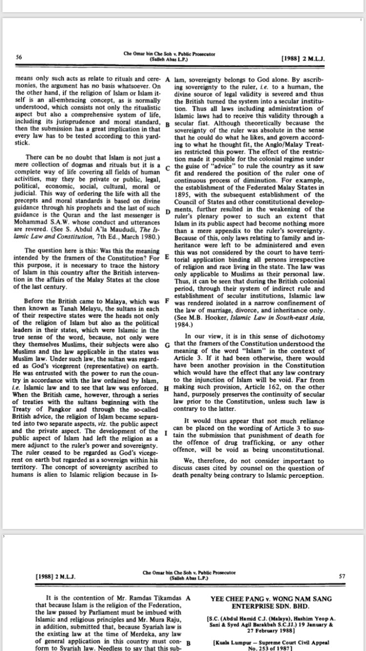 Subscribe subscribed unsubscribe 7. Merujuk kepada kes che omar bin che soh lawan public prosecutor 1988 2 mlj 55 hakim tun mohd salleh abas berpandangan bahawa undang undang yang masih terpakai di negara ini adalah undang undang sekular dan tidak menyatakan malaysia sebagai negara sekular bahkan beliau menyatakan sistem undang undang sekular itu boleh diubah. Berhubung kes che omar che soh lawan pendakwaraya pada tahun 1988 mohamed nazri berkata mahkamah agung tidak pernah memutuskan atau mengisytihar negara ini sebagai sebuah negara sekular. If it doesn t go through such procedures such as in the case itself then it is not a law.
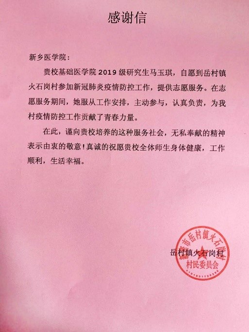 近日,学校收到一封来自新密市岳村镇火石岗村的感谢信,信中感谢我院2019级研究生马玉琪为村里疫情防控所作出的贡献。
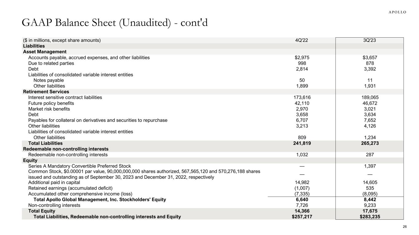 ($ in millions, except share amounts) 4Q'22 3Q'23 Liabilities Asset Management Accounts payable, accrued expenses, and other liabilities $2,975 $3,657 Due to related parties 998 878 Debt 2,814 3,392 Liabilities of consolidated variable interest entities Notes payable 50 11 Other liabilities 1,899 1,931 Retirement Services Interest sensitive contract liabilities 173,616 189,065 Future policy benefits 42,110 46,672 Market risk benefits 2,970 3,021 Debt 3,658 3,634 Payables for collateral on derivatives and securities to repurchase 6,707 7,652 Other liabilities 3,213 4,126 Liabilities of consolidated variable interest entities Other liabilities 809 1,234 Total Liabilities 241,819 265,273 Redeemable non-controlling interests Redeemable non-controlling interests 1,032 287 Equity Series A Mandatory Convertible Preferred Stock — 1,397 Common Stock, $0.00001 par value, 90,000,000,000 shares authorized, 567,565,120 and 570,276,188 shares issued and outstanding as of September 30, 2023 and December 31, 2022, respectively — — Additional paid in capital 14,982 14,605 Retained earnings (accumulated deficit) (1,007) 535 Accumulated other comprehensive income (loss) (7,335) (8,095) Total Apollo Global Management, Inc. Stockholders' Equity 6,640 8,442 Non-controlling interests 7,726 9,233 Total Equity 14,366 17,675 Total Liabilities, Redeemable non-controlling interests and Equity $257,217 $283,235 GAAP Balance Sheet (Unaudited) - cont'd 26

────────────────────

Put down exactly the lines of the data above that run from its first line through the line bearing "近日,学校收到一封来自新密市", and no pictures.

[Exercise solution]
 Subscribe subscribed unsubscribe 7. Merujuk kepada kes che omar bin che soh lawan public prosecutor 1988 2 mlj 55 hakim tun mohd salleh abas berpandangan bahawa undang undang yang masih terpakai di negara ini adalah undang undang sekular dan tidak menyatakan malaysia sebagai negara sekular bahkan beliau menyatakan sistem undang undang sekular itu boleh diubah. Berhubung kes che omar che soh lawan pendakwaraya pada tahun 1988 mohamed nazri berkata mahkamah agung tidak pernah memutuskan atau mengisytihar negara ini sebagai sebuah negara sekular. If it doesn t go through such procedures such as in the case itself then it is not a law.
 近日,学校收到一封来自新密市岳村镇火石岗村的感谢信,信中感谢我院2019级研究生马玉琪为村里疫情防控所作出的贡献。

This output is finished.